Sólo que la mía ha de ser la Jornada Blanca. Quiero ver bien y quiero que los demás me vean. Los demás, que me dan tanto miedo. Los demás, aquellos a los que he rehuido durante meses, encerrándome en casa, aquellos que te miran pensando en cómo eras, en cómo estás ahora, un rayo de lo más fugaz de compasión, una plegaria a su Dios para que les evite este final. Los vecinos.

Saldré. Me ayudará mi ángel irascible (por fin he comprendido que no hay solamente ángeles afables, locuaces); me sujetará del brazo y confiemos en no caer enseguida, el paseo ha de ser triunfal.

Allí están los vecinos. Lo sé todo acerca de ellos: lo que no he visto desde la ventana me lo han contado los árboles, el polvo, las sombras.

Está el octogenario que «aún conduce», a la espera de morir como un joven estrellándose en la primera curva; está la ex guapa que vive con el espejismo de que para ella no ha pasado el tiempo; está el general que nunca ha visto una gota de sangre verdadera en un campo de batalla real; está la pareja que cree tener el copyright del amor; está el chiquillo obeso al que saca a pasear su perro; están los niños a través de cuyos ojos demasiado limpios pasas como un fantasma por un cristal; está la cojita que siempre mira hacia otro lado porque ya nadie se molesta en mirarla; está la cuidadora que en vez de cuidar derrama su nostalgia sobre el móvil que lleva plantado en una oreja; está la mujer que da de comer a los gatos y que a las dos de la madrugada tiene una cita fija con sus protegidos; está su marido que la sigue angustiado escondiéndose en los portales para que ella no lo vea. Todos culpables, todos inocentes y, pues sí, todos hermanos: ¿cómo se les puede tener miedo? Saludo, sonrío, doy la vuelta al edificio con gran esfuerzo, me recojo.

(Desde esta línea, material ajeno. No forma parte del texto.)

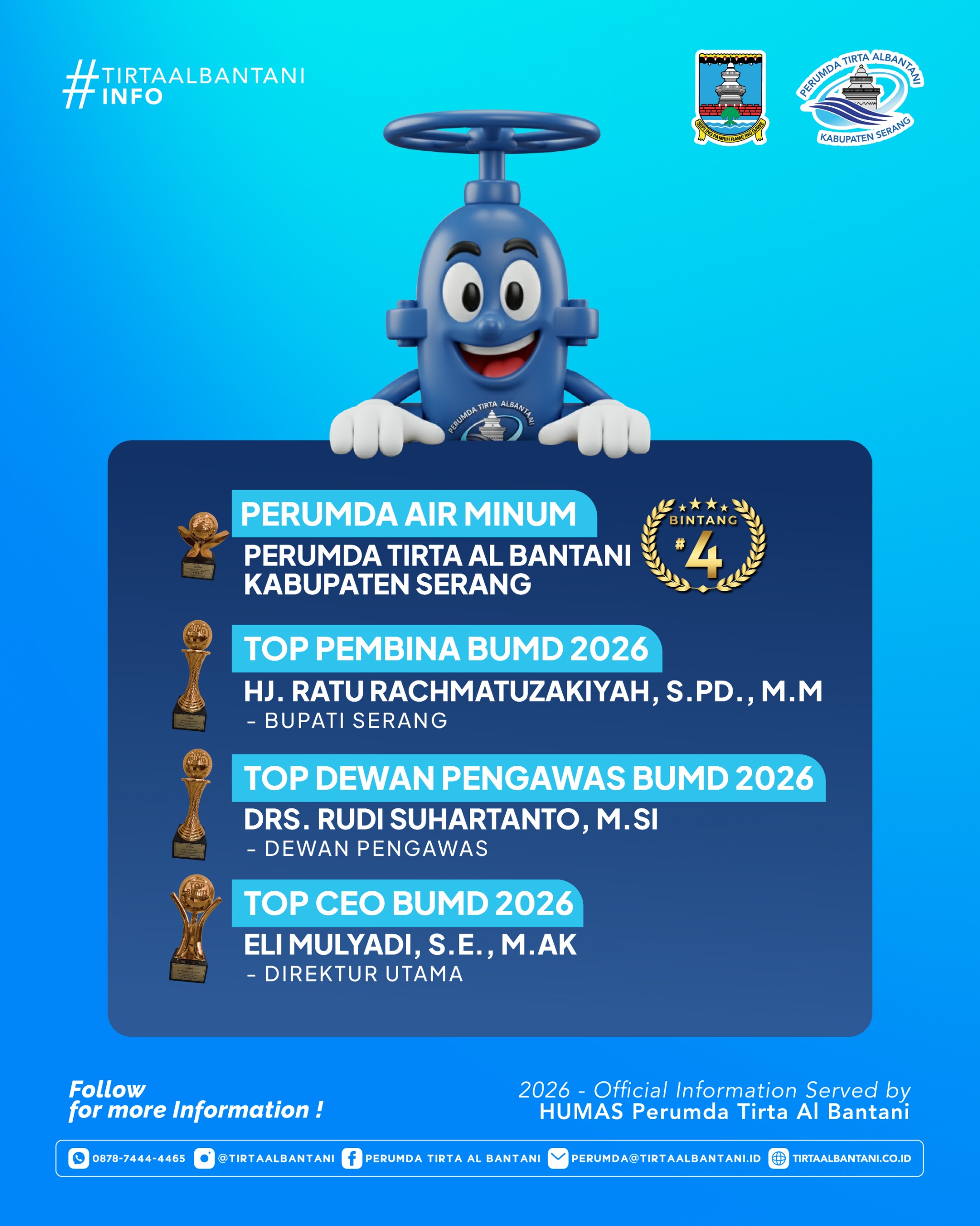 Perumda Tirta Al Bantani Kabupaten Serang kembali menoreh pencapaian membanggakan di ajang Top BUMD Awards 2026

Me encuentro mejor: apenas algún pensamiento molesto, algún gusano en el hervidero del cerebro.

¿Cuánto recuerda una paloma? ¿Cuánto se entristece una gata? ¿Cuántos pasos hay que dar para llegar a Jerusalén?

Sueño (o quizá no)

Sé que cuando se envejece los recuerdos retroceden, los pensamientos se van retrotrayendo paulatinamente hacia la madurez malgastada, hacia la juventud ofuscada, hacia la desgarradora adolescencia, hacia la impotente infancia.